PROBLEM TO SOLVE →
For this task, output exactly the lines of the material below starting at the line with "昨日星を探した言い訳 河野裕 / 著 KADOKAWA" and ending at the line with "Ռիլսընեան Հայաստանի սահմանները"; pictures are to be excluded.

MATERIAL SUPPLIED →
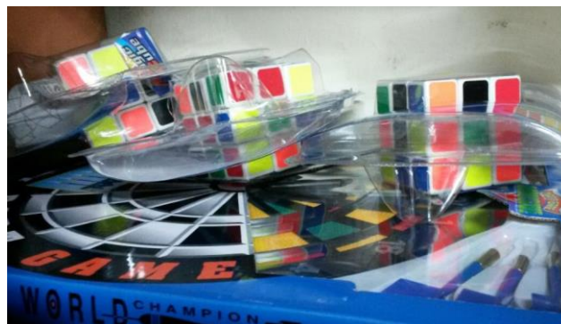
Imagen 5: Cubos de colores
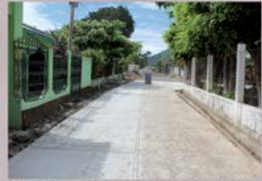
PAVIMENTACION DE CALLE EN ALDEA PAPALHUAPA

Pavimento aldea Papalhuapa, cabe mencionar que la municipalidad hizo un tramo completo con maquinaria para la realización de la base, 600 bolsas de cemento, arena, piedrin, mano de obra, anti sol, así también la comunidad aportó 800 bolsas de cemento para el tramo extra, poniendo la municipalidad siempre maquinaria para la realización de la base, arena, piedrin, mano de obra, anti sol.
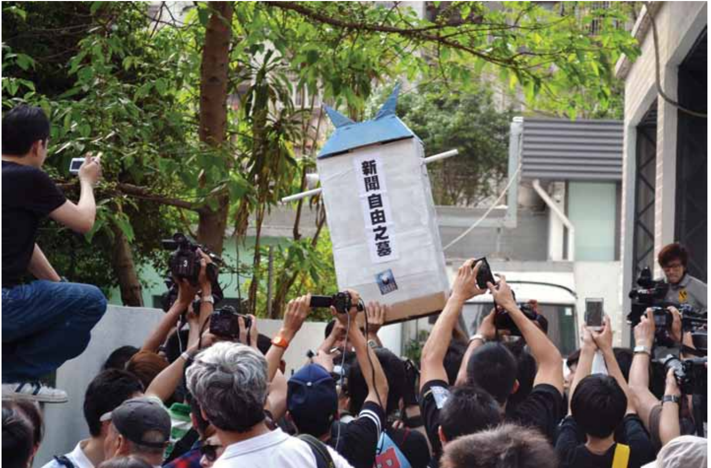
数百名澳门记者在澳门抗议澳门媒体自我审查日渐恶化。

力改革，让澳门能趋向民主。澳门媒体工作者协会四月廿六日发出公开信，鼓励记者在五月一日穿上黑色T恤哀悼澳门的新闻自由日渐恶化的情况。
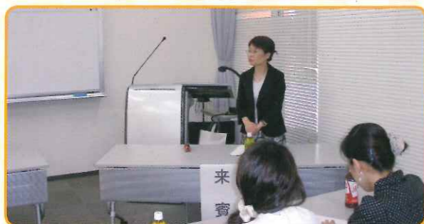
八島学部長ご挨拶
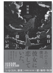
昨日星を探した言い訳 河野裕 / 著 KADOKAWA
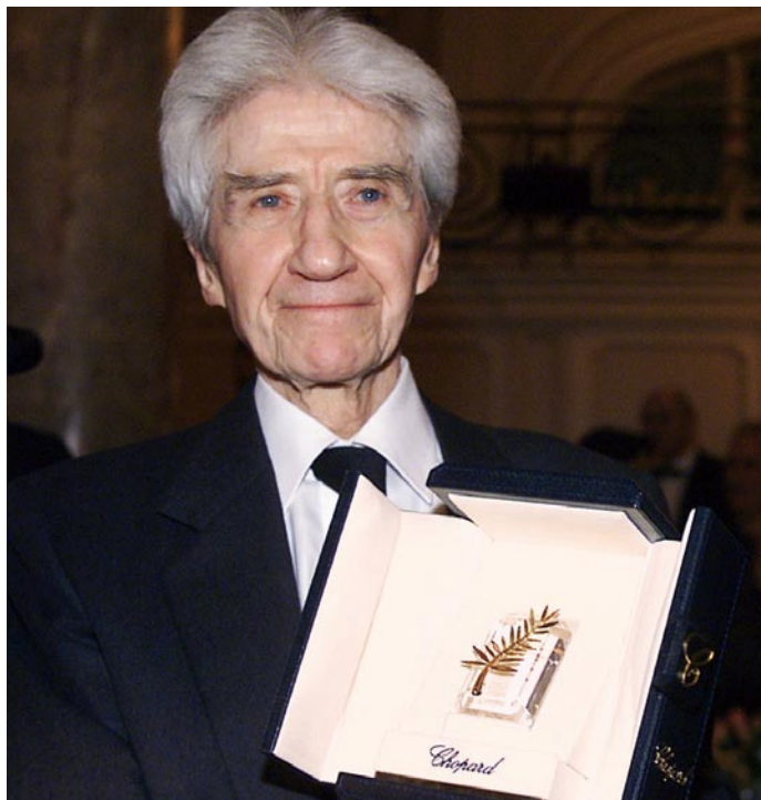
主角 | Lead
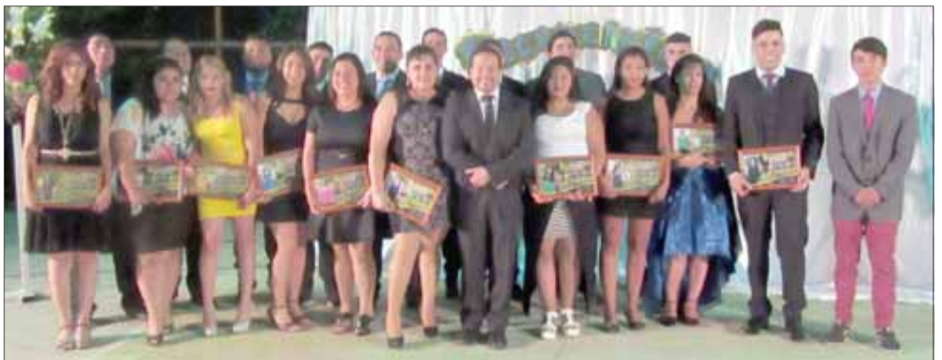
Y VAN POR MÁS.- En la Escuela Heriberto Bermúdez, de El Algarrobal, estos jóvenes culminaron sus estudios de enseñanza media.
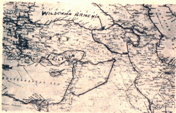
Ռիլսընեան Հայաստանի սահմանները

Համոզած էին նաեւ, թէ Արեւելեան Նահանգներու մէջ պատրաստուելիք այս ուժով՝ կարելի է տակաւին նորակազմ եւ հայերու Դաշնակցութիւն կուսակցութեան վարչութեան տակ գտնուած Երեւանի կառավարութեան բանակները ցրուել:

* * *

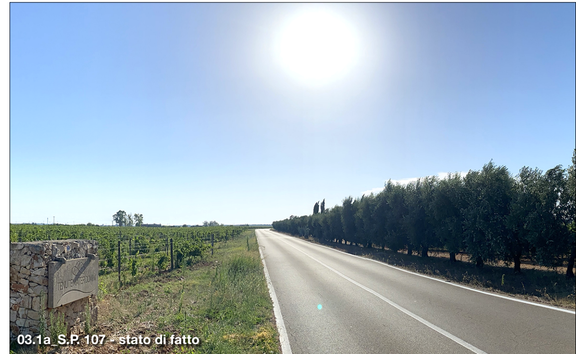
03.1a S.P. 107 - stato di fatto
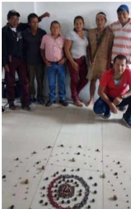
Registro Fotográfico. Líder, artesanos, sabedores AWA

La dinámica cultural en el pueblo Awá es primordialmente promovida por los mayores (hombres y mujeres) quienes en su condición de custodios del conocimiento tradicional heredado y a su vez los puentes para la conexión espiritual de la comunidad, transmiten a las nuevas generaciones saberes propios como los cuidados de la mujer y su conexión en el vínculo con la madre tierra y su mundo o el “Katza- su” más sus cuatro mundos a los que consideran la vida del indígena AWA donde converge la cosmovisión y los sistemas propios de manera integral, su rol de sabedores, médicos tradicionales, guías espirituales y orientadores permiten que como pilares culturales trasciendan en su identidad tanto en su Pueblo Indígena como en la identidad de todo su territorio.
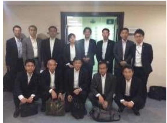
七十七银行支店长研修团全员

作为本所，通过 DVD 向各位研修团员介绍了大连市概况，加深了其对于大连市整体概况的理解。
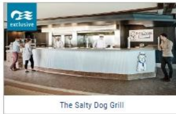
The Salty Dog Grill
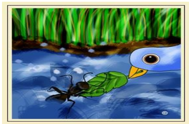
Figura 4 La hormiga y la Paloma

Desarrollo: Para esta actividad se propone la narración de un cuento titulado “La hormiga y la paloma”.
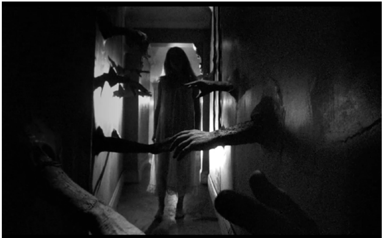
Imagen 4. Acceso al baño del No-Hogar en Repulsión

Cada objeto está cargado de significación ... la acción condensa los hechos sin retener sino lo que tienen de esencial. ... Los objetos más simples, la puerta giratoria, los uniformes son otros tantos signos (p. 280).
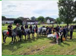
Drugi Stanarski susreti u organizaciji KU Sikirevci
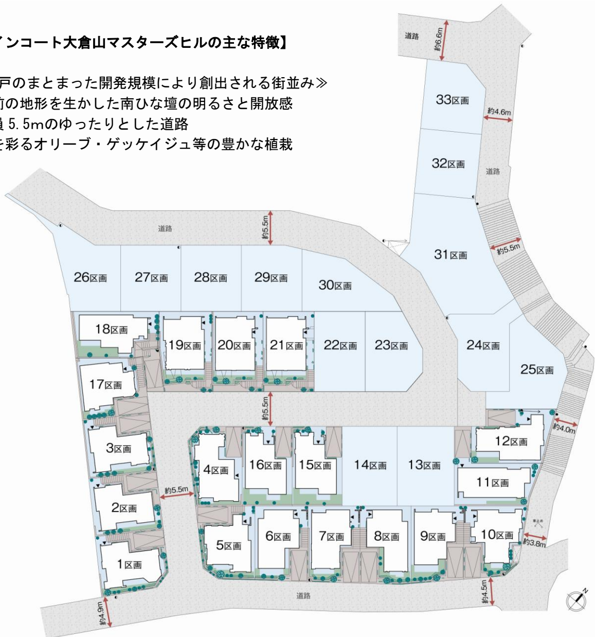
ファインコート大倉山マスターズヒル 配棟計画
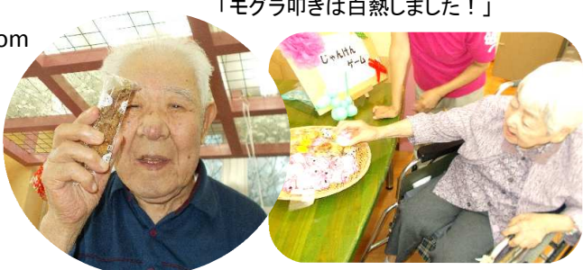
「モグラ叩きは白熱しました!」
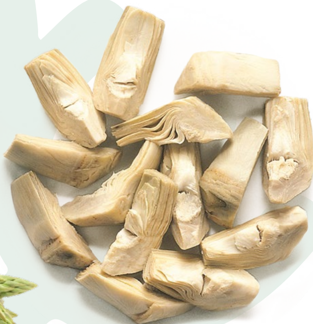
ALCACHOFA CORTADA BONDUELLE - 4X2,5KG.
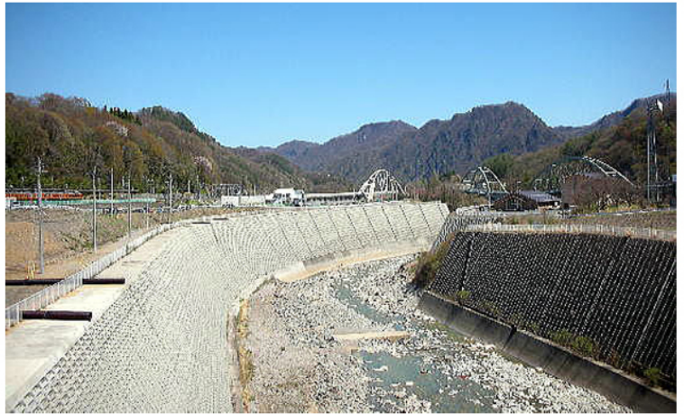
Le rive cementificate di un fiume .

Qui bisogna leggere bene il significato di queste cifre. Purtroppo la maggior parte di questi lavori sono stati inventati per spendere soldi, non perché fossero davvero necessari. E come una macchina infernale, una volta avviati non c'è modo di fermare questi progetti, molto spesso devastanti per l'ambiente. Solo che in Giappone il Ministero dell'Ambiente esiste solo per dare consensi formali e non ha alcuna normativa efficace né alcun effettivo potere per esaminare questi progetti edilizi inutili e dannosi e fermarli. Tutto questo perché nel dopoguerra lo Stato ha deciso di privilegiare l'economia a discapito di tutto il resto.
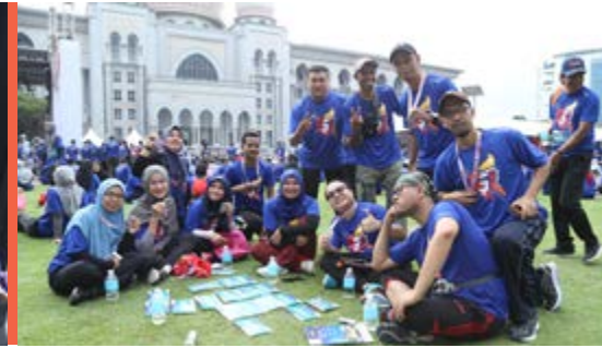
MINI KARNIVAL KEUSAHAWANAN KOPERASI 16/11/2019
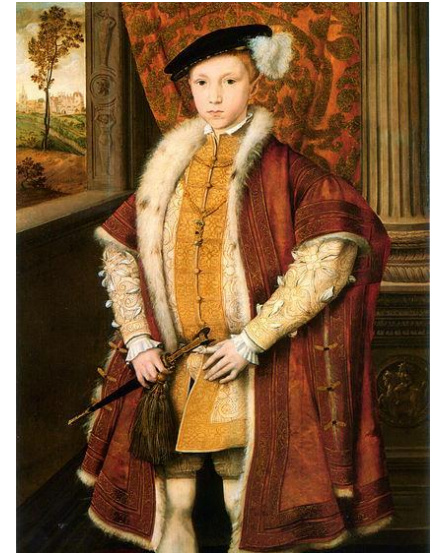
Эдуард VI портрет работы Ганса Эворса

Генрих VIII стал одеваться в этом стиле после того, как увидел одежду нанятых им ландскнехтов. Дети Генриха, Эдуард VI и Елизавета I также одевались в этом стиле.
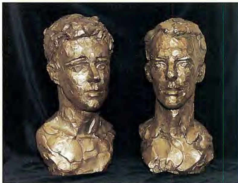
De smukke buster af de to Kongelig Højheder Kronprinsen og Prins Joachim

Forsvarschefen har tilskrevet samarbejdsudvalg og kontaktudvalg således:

THE COMPLETED TASK →
昨日星を探した言い訳 河野裕 / 著 KADOKAWA
主角 | Lead
Y VAN POR MÁS.- En la Escuela Heriberto Bermúdez, de El Algarrobal, estos jóvenes culminaron sus estudios de enseñanza media.
Ռիլսընեան Հայաստանի սահմանները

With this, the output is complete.